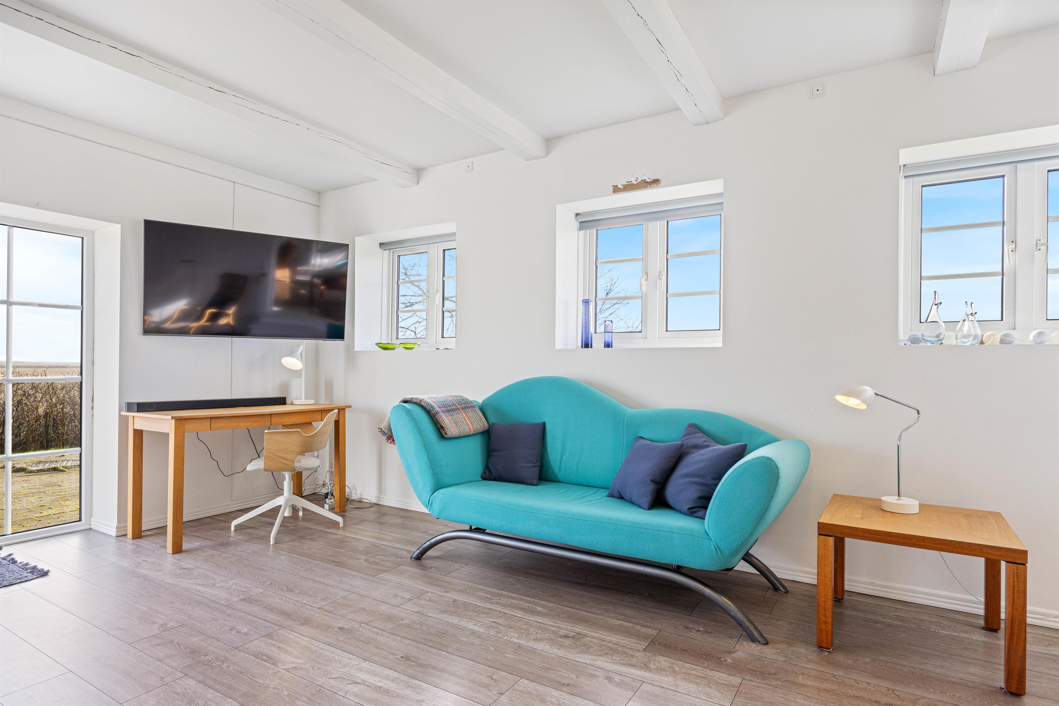 Den store TV-stue har en storslået udsigt over Vest Stadil Fjord, hvor man kan følge med i naturens gang - og ofte se dyrene helt tæt på.
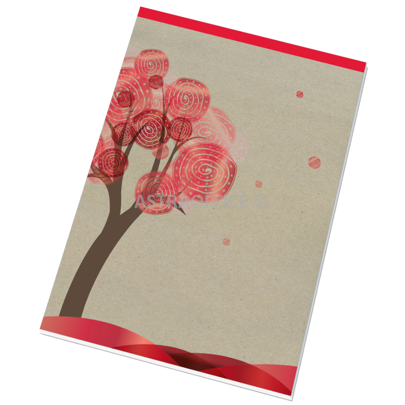 Univerzální linkovaný blok z recyklovaného papíru s perforací, sešitý skobami na kratší straně.
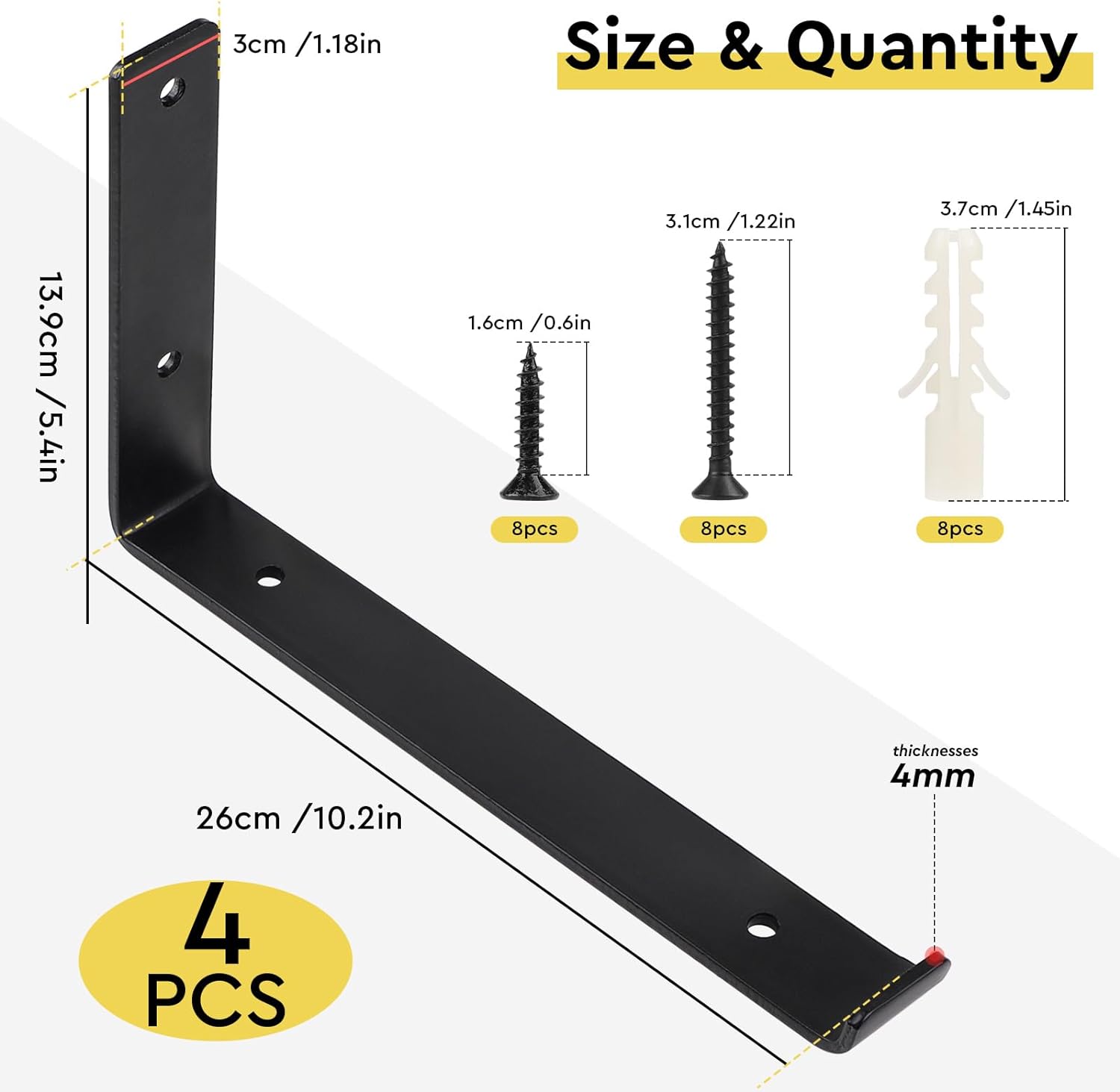 • 【Einfach zu Installieren】Das Paket enthält 4 Stück Regalhalter, 10 lange Schrauben, 10 Schrauben und 10 Spreizdübel, einfach zu installieren mit nur einem Schraubendreher.
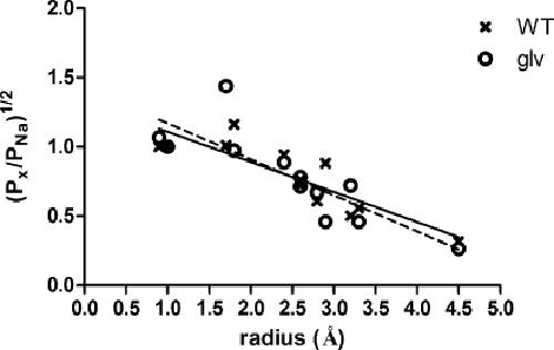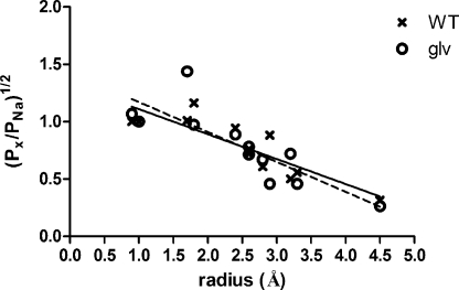 Figure 8. The relationship between relative permeability and ionic radius in 5-HT3 receptors. Plot of the square root of the relative permeability against ionic radius for the series of cations in Table I, along with linear regression lines for each dataset: solid line, WT; dashed line, 5-HT3A–glvM3M4. Note that two cations share the same calculated radius at 2.6 Å, and that the measured relative permeabilities are similar. NMDG, which was impermeant, was excluded from the linear regression analysis. The ammonium results were also excluded because of the large difference between the two channels and the confounding effects of ammonium ion substitution on the oocyte endogenous currents.
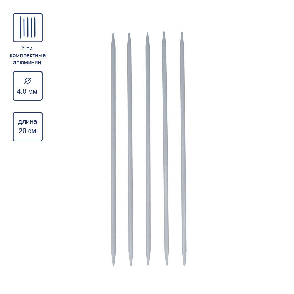 Спицы GAMMA 5-ти компл. чулочные KN5 алюминий d 4.0 мм 20 см 5 шт с покрытием
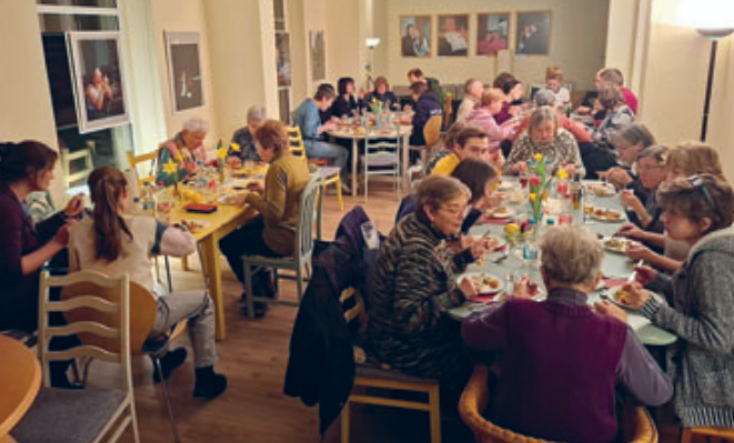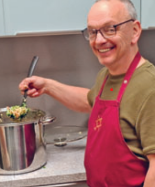 Der kulinarisch-informative Abend „Jüdisch kochen“ am 6. Februar im MITTENDRIN war mit mehr als 30 Personen schnell ausgebucht – und zeigte eindrucksvoll, wie groß das Interesse an Begegnung, Austausch und gemeinsamen Tun ist. Eingebettet war die Veranstaltung in das Jahr der jüdischen Kultur in Sachsen und das Gedenken an die Opfer des Nationalsozialismus. Mit Ralf Tröger, Küchenchef des jüdischen Restaurants „Schalom“ in Chemnitz und gebürtiger Zwönitzer, hatte der Verein Zwönitz Miteinander e. V. einen Koch eingeladen, der sich schnell als ebenso nahbar wie leidenschaftlich und humorvoll erwies. Er ist selbst kein Jude und kam eher zufällig zum Restaurant „Schalom“. In Zwönitz aufgewachsen und zur Schule gegangen, zog es ihn der Liebe wegen nach Chemnitz – und schließlich in die jüdische Küche, die für ihn heute weit mehr ist als seine Arbeit. Ralf erläuterte einige Grundregeln der koscheren Küche, z. B. dass Milchiges und Fleischiges nicht in einer Mahlzeit vermischt werden dürfen, weshalb im „Schalom“ und an dem Abend auch im MITTENDRIN keine tierischen Milchprodukte genutzt wurden. Gemeinsam wurden Falafel und Tabouleh, Tscholent mit Hähnchen, Graupen und weißen Riesenbohnen sowie Panna Cotta mit Granatapfelsoße zubereitet – und bei der Arbeit kam man ganz selbstverständlich ins Gespräch. Die Küche war rappelvoll, viele schauten Ralf am Herd über die Schulter, fachsimpelten über Gewürze, rührten Bulgur und den Eintopf, rollten und frittierten Falafel. Geschnippelt wurde an allen Tischen und verschiedene Techniken zum Entkernen von Granatäpfeln kamen zum Einsatz. Jede und jeder suchte sich eine Aufgabe, half mit oder unterhielt sich mit anderen bei einem Glas Wein oder koscherem Simcha-Bier. Bald zogen Düfte von exotischen Gewürzen durchs MITTENDRIN und machten Appetit. Das gemeinsame Essen, der Genuss der selbstgekochten Speisen, war natürlich der Höhepunkt des Abends. Dass nach Sonnenuntergang der Shabbat begann, der festliche Ruhetag in der jüdischen Kultur, verstärkte die besondere Atmosphäre. „Es war sehr schön, lecker, harmonisch, gesellig, trubelig – und viel weniger chaotisch als erwartet“, fasste das Team des MITTENDRIN den Abend zusammen. Viele der Teilnehmenden bedankten sich am Ende ausdrücklich – für das Essen, den Einblick in eine andere Kultur, aber vor allem für die Atmosphäre. Der Abend zeigte, worum es bei unserer Veranstaltungsreihe Blick über den Tellerrand geht: nicht um perfekte Abläufe, sondern um gemeinsames Tun, Zuhören, Erinnern und Genießen. Möglich werden diese Veranstaltungen durch Fördermittel des Programms Neulandgewinner. Dass auch der für den Herbst vorgesehene Wiederholungstermin „Jüdisch kochen“ schon ausgebucht ist und konkrete Pläne für weitere Themenabende geschmiedet werden, bestätigt: Dieses Format trifft einen Nerv.
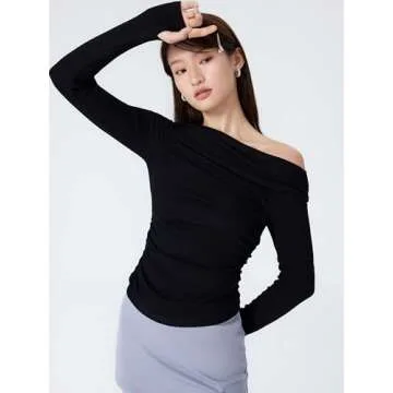 Show moreIntroducing the CIDER Women's Asymmetrical Top Off The Shoulder Long Sleeve Shirts Ruched Going Out Crop Tops, a stylish addition to your wardrobe that perfectly balances contemporary fashion with everyday comfort. Designed with high stretch for comfort, this top adapts seamlessly to your movements, making it ideal for everything from casual outings to more sophisticated evening events. The elegant asymmetrical neckline adds a unique flair while beautifully framing your collarbone, perfect for showcasing your favorite jewelry. With its flattering ruched detailing, this top accentuates your silhouette without clinging too tightly, ensuring you look chic and feel confident no matter the occasion.
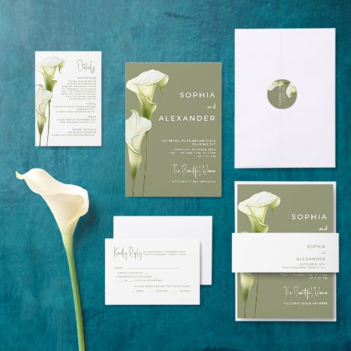 This wedding Thank You Cards features a sophisticated, minimalist style. Delicate calla lilies in soft green hues are depicted against a light background, creating an atmosphere of sophistication and tranquility. The design is modern, airy, and perfect for a stylish, romantic wedding.
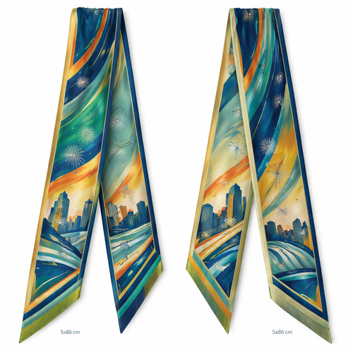 Design a silk scarf that is 5x 86cm to be a host city scarf for the workshop 2026 for Kansas City MO. No words or logos ...
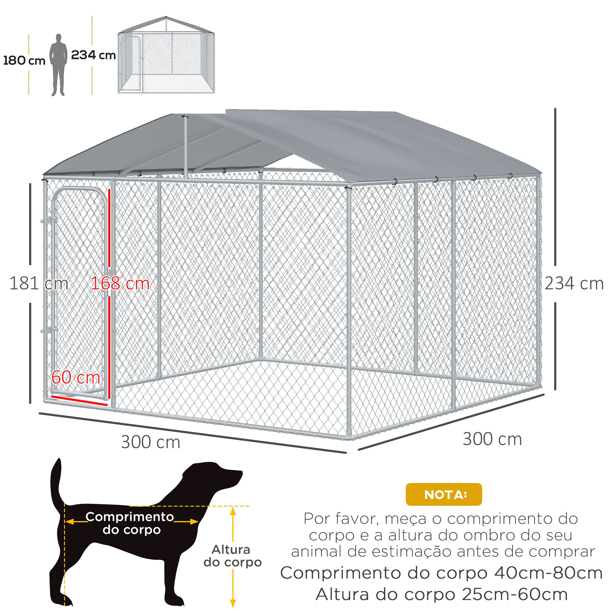 Canil de Exterior Prata 300x300x234 cm com Toldo - Espaçoso e Seguro

PROBLEM DESCRIPTION:
Restate only the lines running from the start of the material above through the line containing "Спицы GAMMA 5-ти", ends included. No pictures.

TASK RESPONSE:
 Den store TV-stue har en storslået udsigt over Vest Stadil Fjord, hvor man kan følge med i naturens gang - og ofte se dyrene helt tæt på.
 Univerzální linkovaný blok z recyklovaného papíru s perforací, sešitý skobami na kratší straně.
 • 【Einfach zu Installieren】Das Paket enthält 4 Stück Regalhalter, 10 lange Schrauben, 10 Schrauben und 10 Spreizdübel, einfach zu installieren mit nur einem Schraubendreher.
 Figure 8. The relationship between relative permeability and ionic radius in 5-HT3 receptors. Plot of the square root of the relative permeability against ionic radius for the series of cations in Table I, along with linear regression lines for each dataset: solid line, WT; dashed line, 5-HT3A–glvM3M4. Note that two cations share the same calculated radius at 2.6 Å, and that the measured relative permeabilities are similar. NMDG, which was impermeant, was excluded from the linear regression analysis. The ammonium results were also excluded because of the large difference between the two channels and the confounding effects of ammonium ion substitution on the oocyte endogenous currents.
 Спицы GAMMA 5-ти компл. чулочные KN5 алюминий d 4.0 мм 20 см 5 шт с покрытием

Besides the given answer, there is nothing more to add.